> [TASK DIRECTIONS]: Once you reach the line with "Châtelet - Les" below, copy each line exactly, stopping after the line with "Металлическая нескользящая цепочка", and skip any pictures.

> [DATA UNDER STUDY]:
━━━━━━━━━━━━━━━━━━━━━━━━━━━━━━
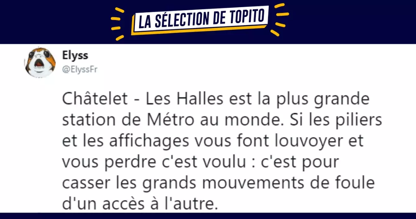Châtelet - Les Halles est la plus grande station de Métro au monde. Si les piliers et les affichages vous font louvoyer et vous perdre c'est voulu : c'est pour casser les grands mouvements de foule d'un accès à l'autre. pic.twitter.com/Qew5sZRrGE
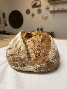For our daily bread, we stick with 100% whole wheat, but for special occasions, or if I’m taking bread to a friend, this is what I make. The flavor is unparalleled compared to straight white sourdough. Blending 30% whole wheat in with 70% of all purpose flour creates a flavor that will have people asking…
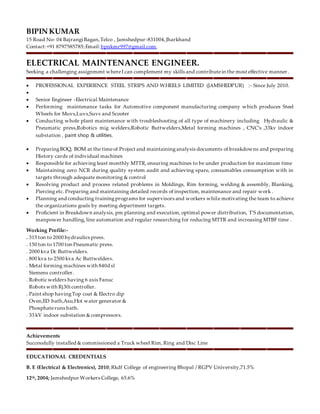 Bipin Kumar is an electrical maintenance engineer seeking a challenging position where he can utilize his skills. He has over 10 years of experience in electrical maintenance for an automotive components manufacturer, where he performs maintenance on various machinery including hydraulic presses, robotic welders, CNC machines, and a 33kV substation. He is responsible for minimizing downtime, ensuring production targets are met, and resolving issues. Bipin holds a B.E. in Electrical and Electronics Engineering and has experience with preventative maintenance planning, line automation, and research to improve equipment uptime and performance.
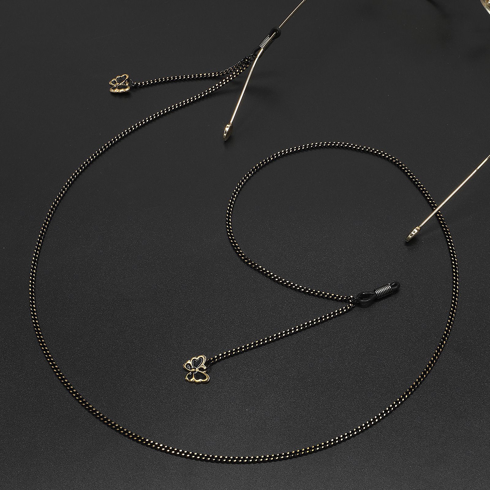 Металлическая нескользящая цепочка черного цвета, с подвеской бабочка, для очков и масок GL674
━━━━━━━━━━━━━━━━━━━━━━━━━━━━━━
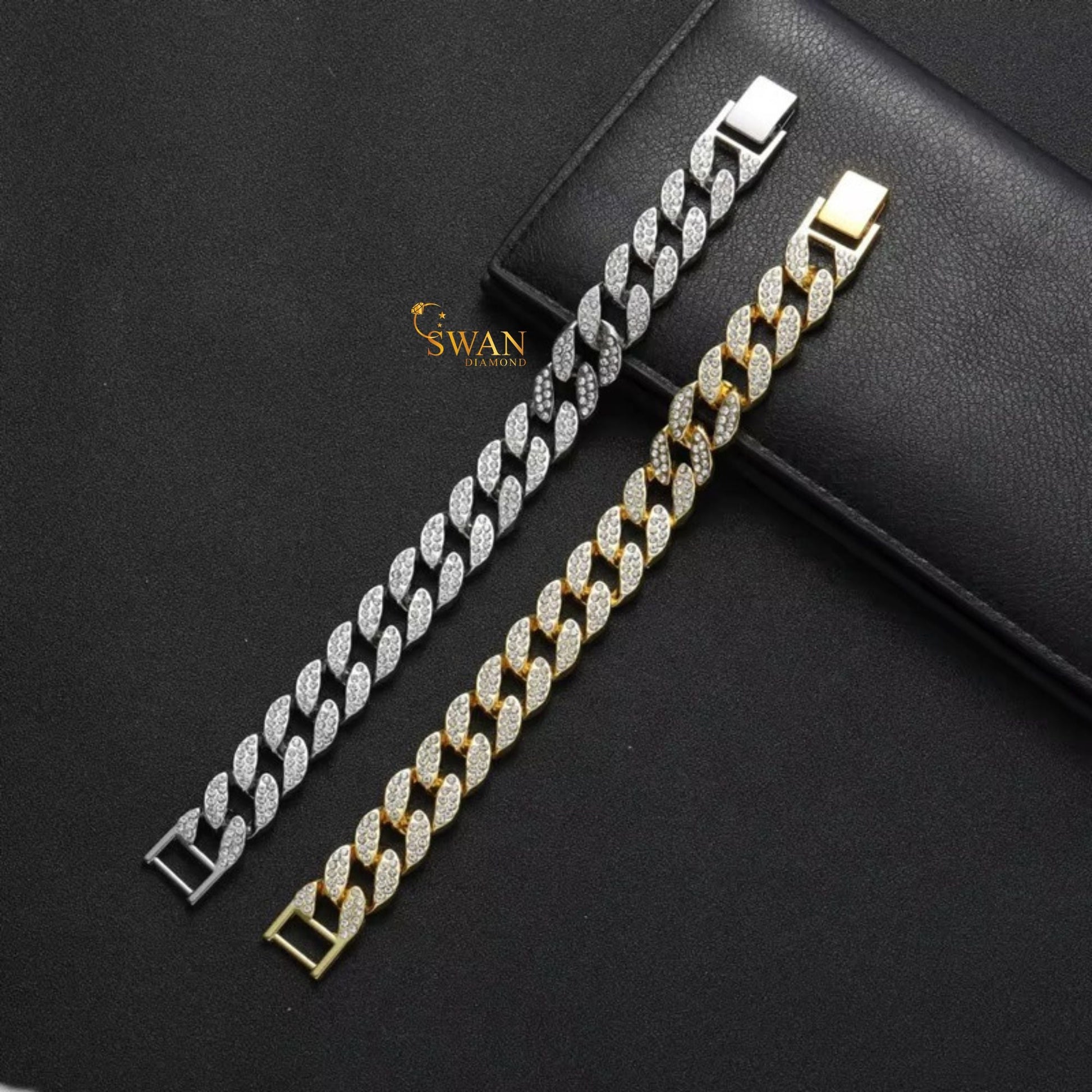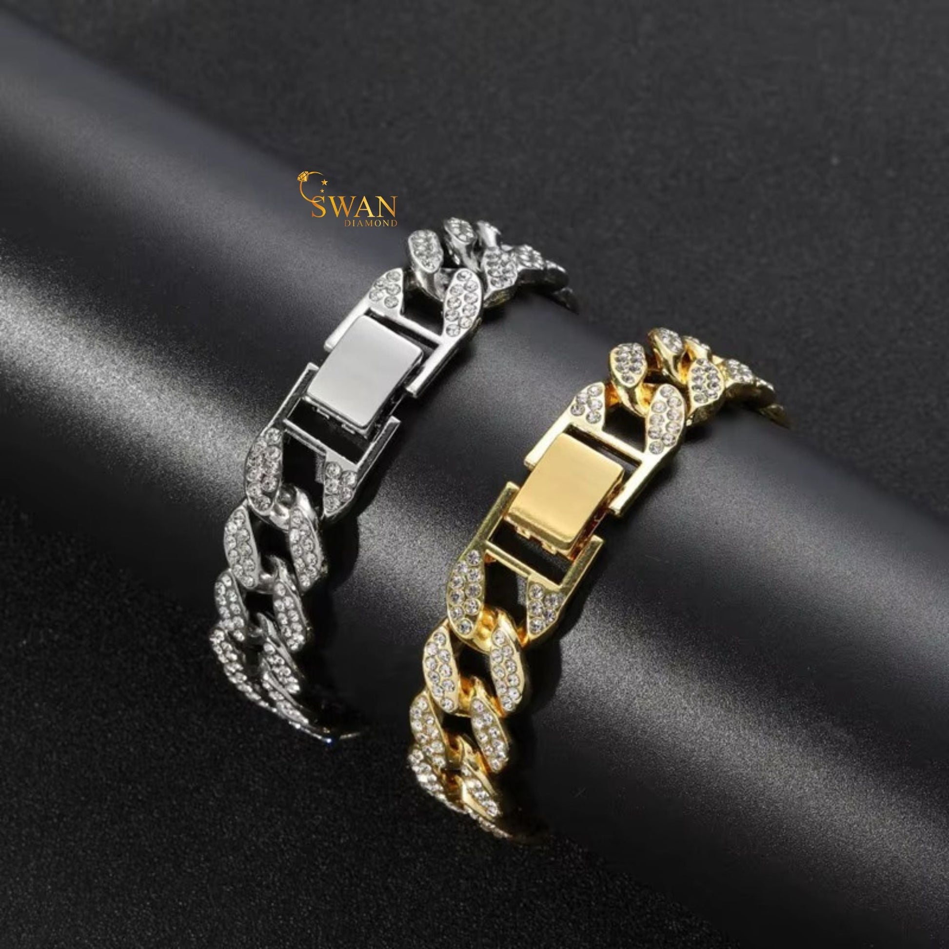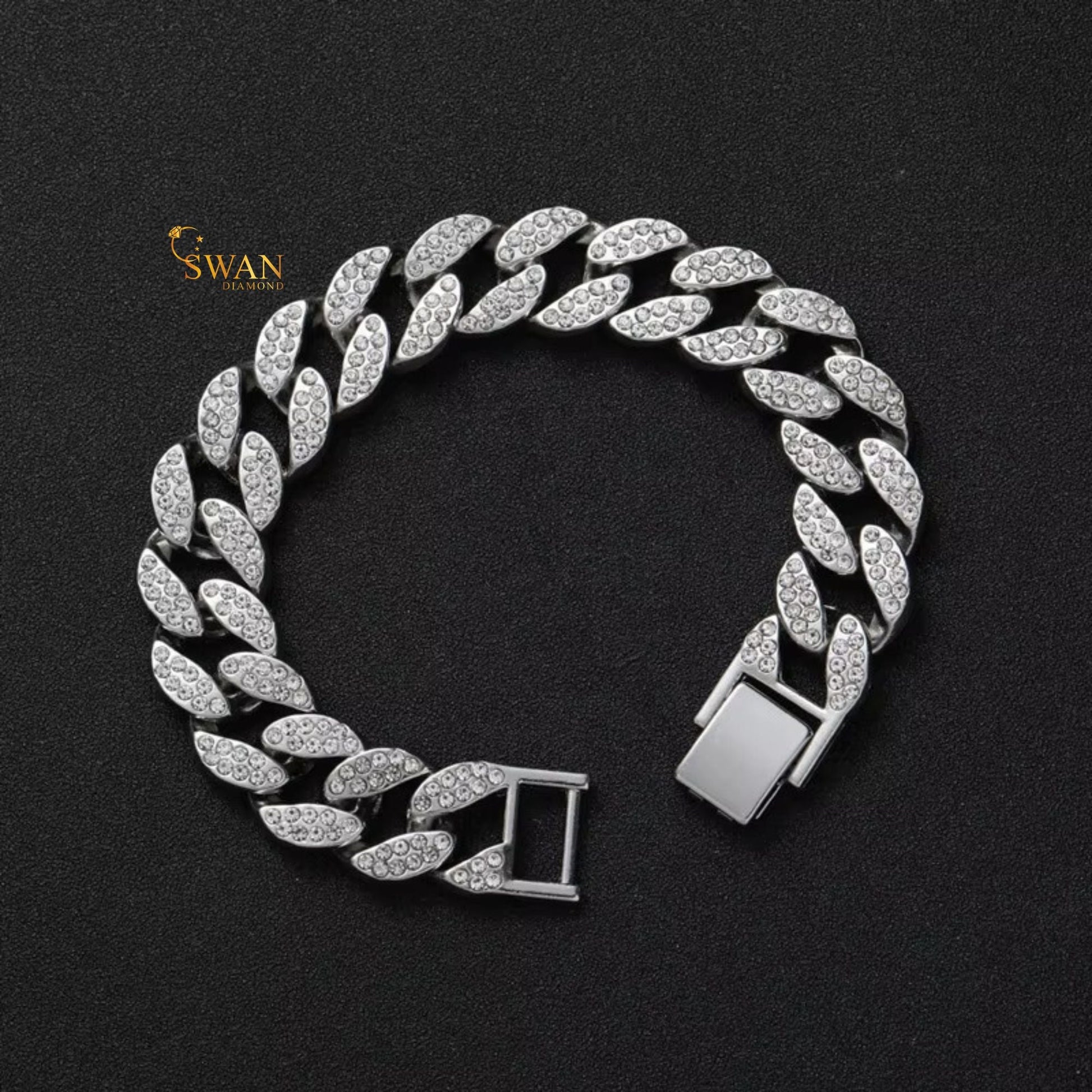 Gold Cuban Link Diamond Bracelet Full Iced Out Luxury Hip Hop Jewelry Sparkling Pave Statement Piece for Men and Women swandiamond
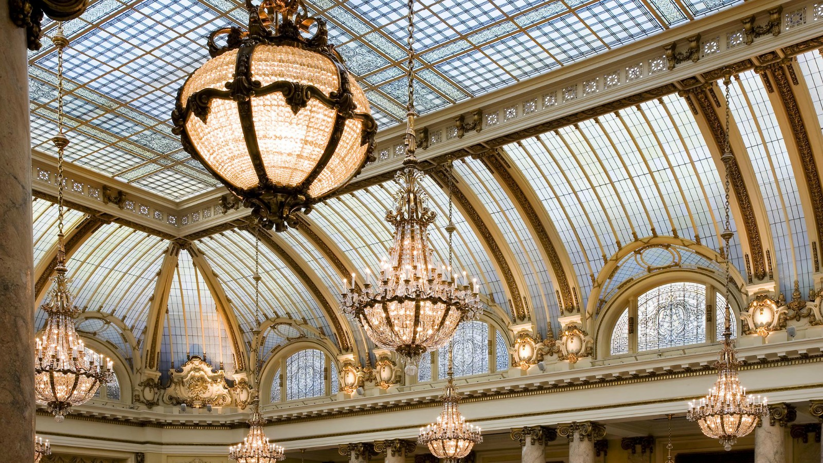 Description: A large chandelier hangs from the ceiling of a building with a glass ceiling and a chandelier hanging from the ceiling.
━━━━━━━━━━━━━━━━━━━━━━━━━━━━━━
> [REPLY]:
Châtelet - Les Halles est la plus grande station de Métro au monde. Si les piliers et les affichages vous font louvoyer et vous perdre c'est voulu : c'est pour casser les grands mouvements de foule d'un accès à l'autre. pic.twitter.com/Qew5sZRrGE
For our daily bread, we stick with 100% whole wheat, but for special occasions, or if I’m taking bread to a friend, this is what I make. The flavor is unparalleled compared to straight white sourdough. Blending 30% whole wheat in with 70% of all purpose flour creates a flavor that will have people asking…
 Bipin Kumar is an electrical maintenance engineer seeking a challenging position where he can utilize his skills. He has over 10 years of experience in electrical maintenance for an automotive components manufacturer, where he performs maintenance on various machinery including hydraulic presses, robotic welders, CNC machines, and a 33kV substation. He is responsible for minimizing downtime, ensuring production targets are met, and resolving issues. Bipin holds a B.E. in Electrical and Electronics Engineering and has experience with preventative maintenance planning, line automation, and research to improve equipment uptime and performance.
 Металлическая нескользящая цепочка черного цвета, с подвеской бабочка, для очков и масок GL674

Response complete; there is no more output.